Exercise requirements:
Print the lines in the listing below starting at the line with "A Sombra para" and ending at the line with "表6 考慮英國(guó)包裝稅和碳稅情況下的PCR塑料溢價(jià)估算", both included. Reproduce them exactly and omit every picture.

Data to examine:
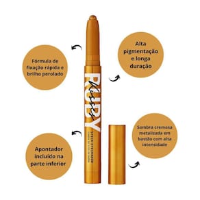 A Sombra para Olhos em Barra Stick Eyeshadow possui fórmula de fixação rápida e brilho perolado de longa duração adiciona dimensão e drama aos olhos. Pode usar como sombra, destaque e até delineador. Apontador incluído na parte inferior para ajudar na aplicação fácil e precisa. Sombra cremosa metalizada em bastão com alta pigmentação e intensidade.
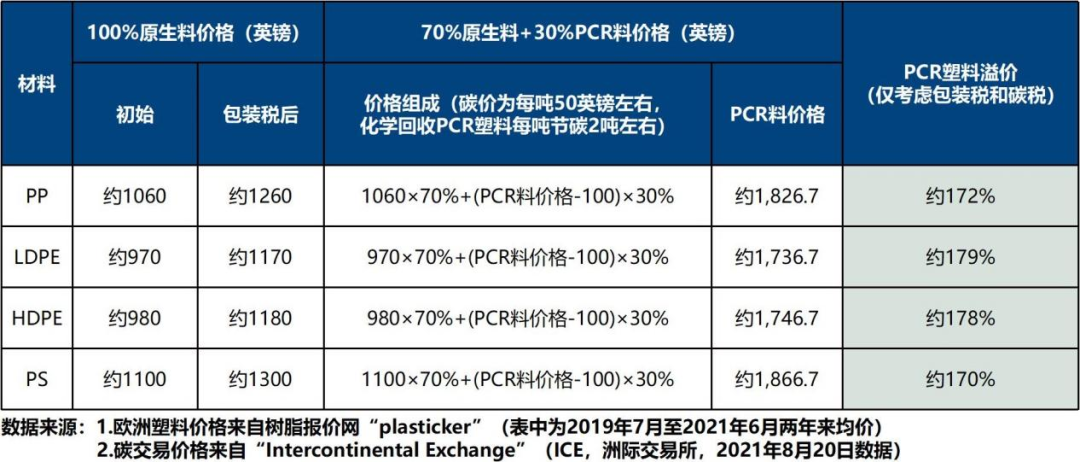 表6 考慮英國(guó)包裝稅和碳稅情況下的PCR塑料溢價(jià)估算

...

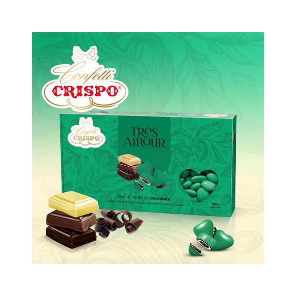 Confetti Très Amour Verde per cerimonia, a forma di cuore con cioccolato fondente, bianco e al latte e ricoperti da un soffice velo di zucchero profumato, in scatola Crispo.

Solution to this task:
 A Sombra para Olhos em Barra Stick Eyeshadow possui fórmula de fixação rápida e brilho perolado de longa duração adiciona dimensão e drama aos olhos. Pode usar como sombra, destaque e até delineador. Apontador incluído na parte inferior para ajudar na aplicação fácil e precisa. Sombra cremosa metalizada em bastão com alta pigmentação e intensidade.
 表6 考慮英國(guó)包裝稅和碳稅情況下的PCR塑料溢價(jià)估算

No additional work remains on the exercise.